* Task statement
Give back exactly the lines of the material below, starting with the line with "Мир на ладони" and going on through the line with "7. 2025年某市中考体育".

* Exercise data
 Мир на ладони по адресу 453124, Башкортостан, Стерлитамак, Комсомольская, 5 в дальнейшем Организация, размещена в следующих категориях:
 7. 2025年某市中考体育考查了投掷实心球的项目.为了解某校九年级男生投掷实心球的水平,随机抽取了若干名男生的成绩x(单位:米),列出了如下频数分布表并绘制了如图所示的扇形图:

* * *

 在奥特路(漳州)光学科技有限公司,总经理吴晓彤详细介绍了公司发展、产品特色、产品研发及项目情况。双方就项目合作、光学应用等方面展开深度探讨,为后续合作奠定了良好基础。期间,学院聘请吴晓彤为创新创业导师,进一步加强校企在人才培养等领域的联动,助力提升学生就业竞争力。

* Result of this exercise
 Мир на ладони по адресу 453124, Башкортостан, Стерлитамак, Комсомольская, 5 в дальнейшем Организация, размещена в следующих категориях:
 7. 2025年某市中考体育考查了投掷实心球的项目.为了解某校九年级男生投掷实心球的水平,随机抽取了若干名男生的成绩x(单位:米),列出了如下频数分布表并绘制了如图所示的扇形图:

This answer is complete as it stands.